* _Assignment_
The reply should contain only the lines from the start of the records through the line with "1. I opened", reproduced verbatim and without pictures.

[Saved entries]

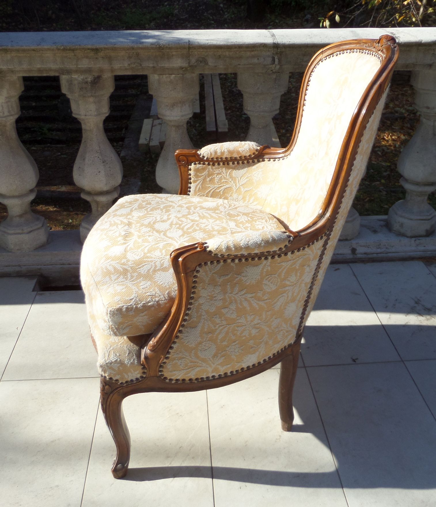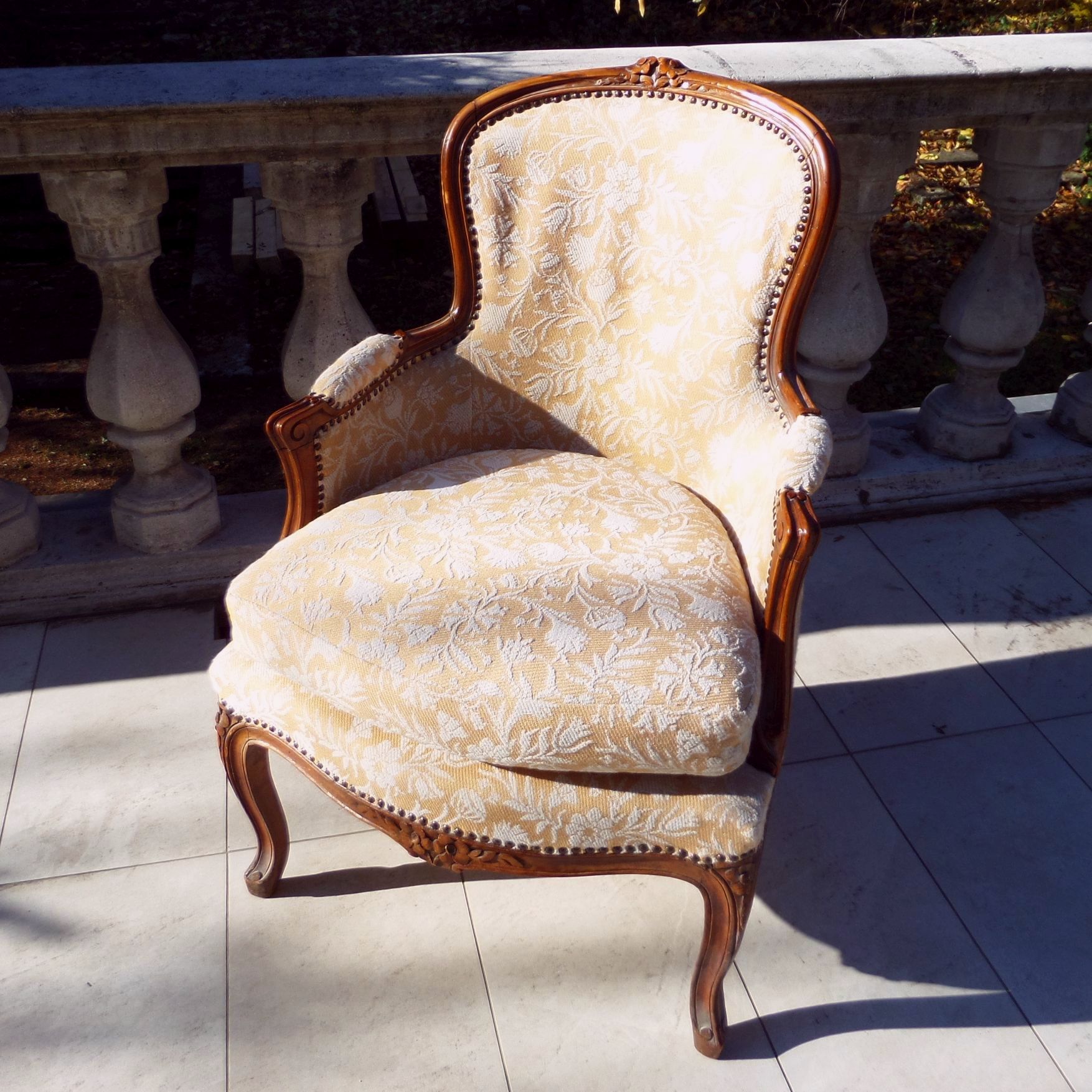 Bécsi neobarokk fotel, restaurált kárpitozással, faragott lábakkal és fejrésszel, jó állapotban. Méretei: ülőmagasság 50 cm. Támla magassága 94 cm, karfaszélesség 60 cm.
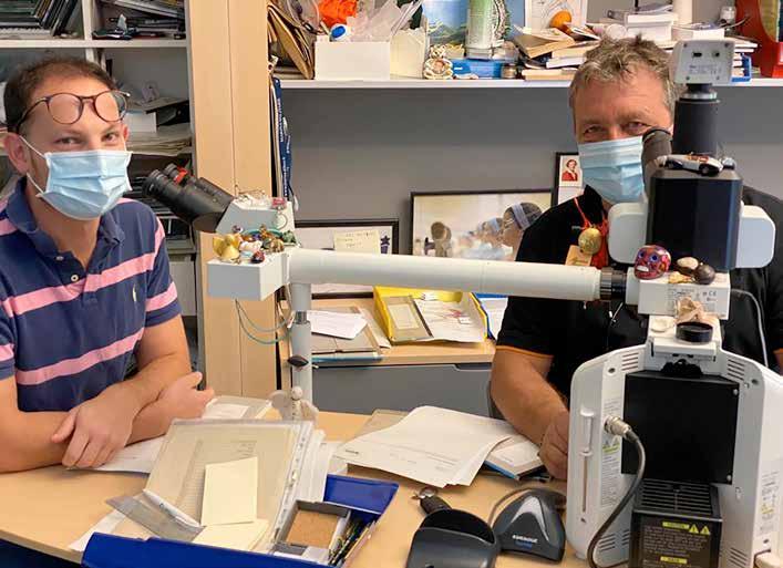 Dr. Guido Mazzoleni und ein Mitarbeiter an ihrem Arbeitsplatz am Mikroskop
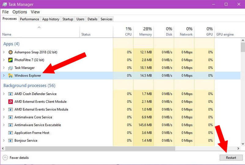1. I opened the Task Manager, clicked “Windows Explorer” in the task list, and then clicked “Restart” (in the lower-right corner).
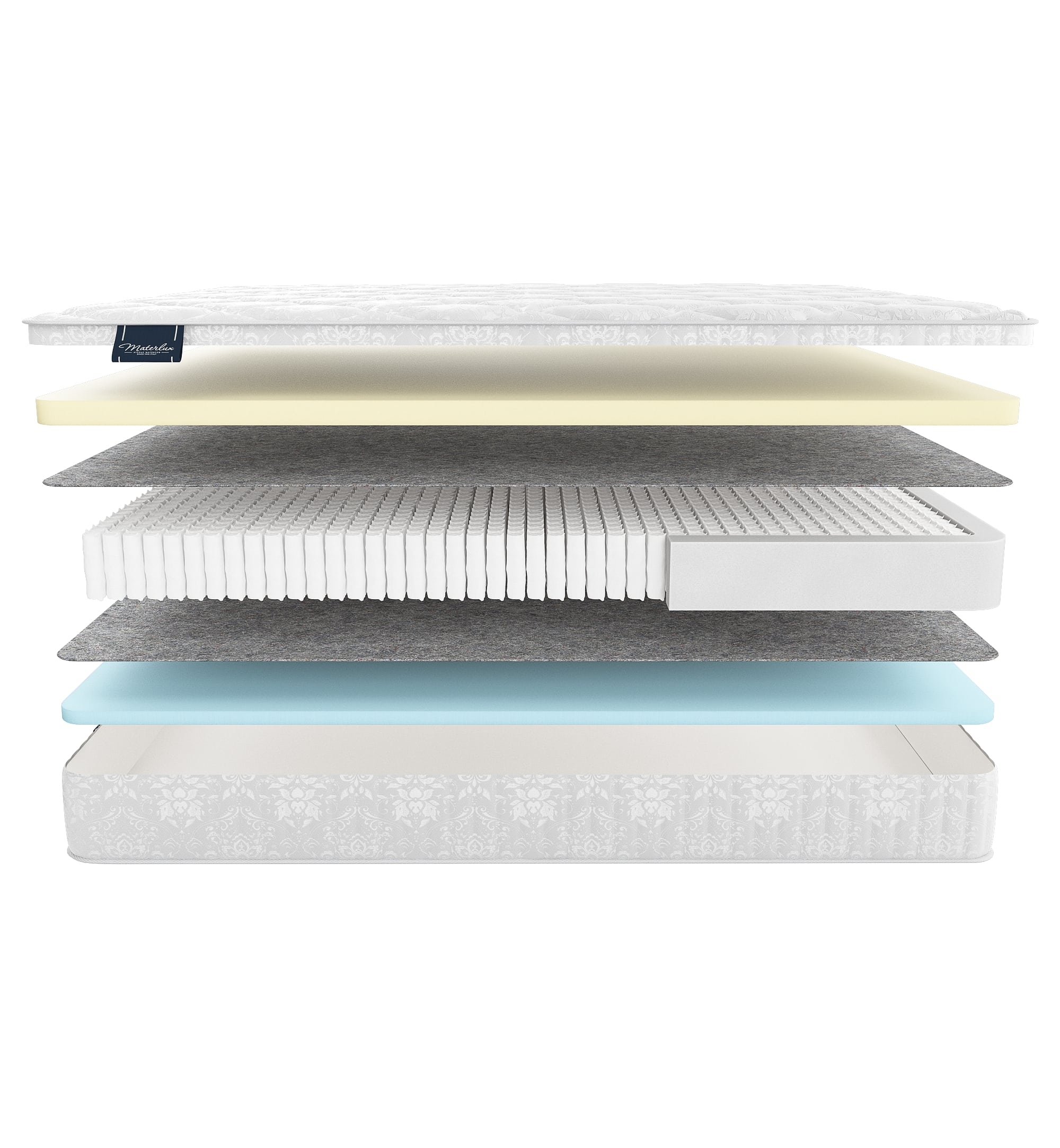 Для этого матраса мы выбрали премиальную пружинную систему Molla Super Protezione 1000. Пружины моментально откликаются на изменения нагрузки и смену позы, точно подстраиваются под контуры тела, удерживают позвоночник в естественном, анатомически правильном положении.
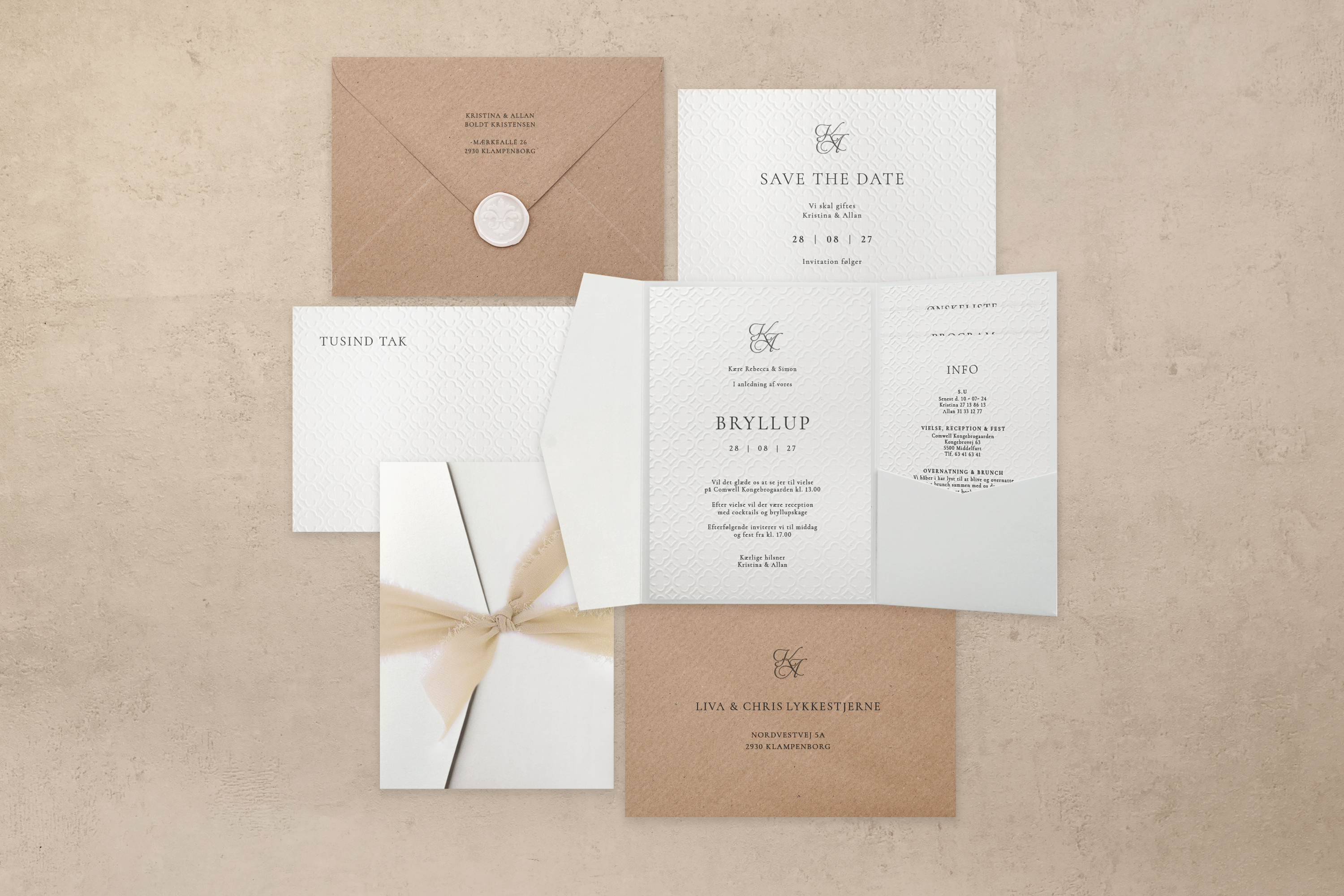 Save The Date kort lavet af luksuskarton, der giver et sofistikeret og elegant indtryk. Du kan vælge et valgfrit præget mønster, der tilføjer en personlig og unik detalje til kortet, perfekt til at annoncere jeres bryllupsdato med stil.

* _Solution for this task_
 Bécsi neobarokk fotel, restaurált kárpitozással, faragott lábakkal és fejrésszel, jó állapotban. Méretei: ülőmagasság 50 cm. Támla magassága 94 cm, karfaszélesség 60 cm.
 Dr. Guido Mazzoleni und ein Mitarbeiter an ihrem Arbeitsplatz am Mikroskop
1. I opened the Task Manager, clicked “Windows Explorer” in the task list, and then clicked “Restart” (in the lower-right corner).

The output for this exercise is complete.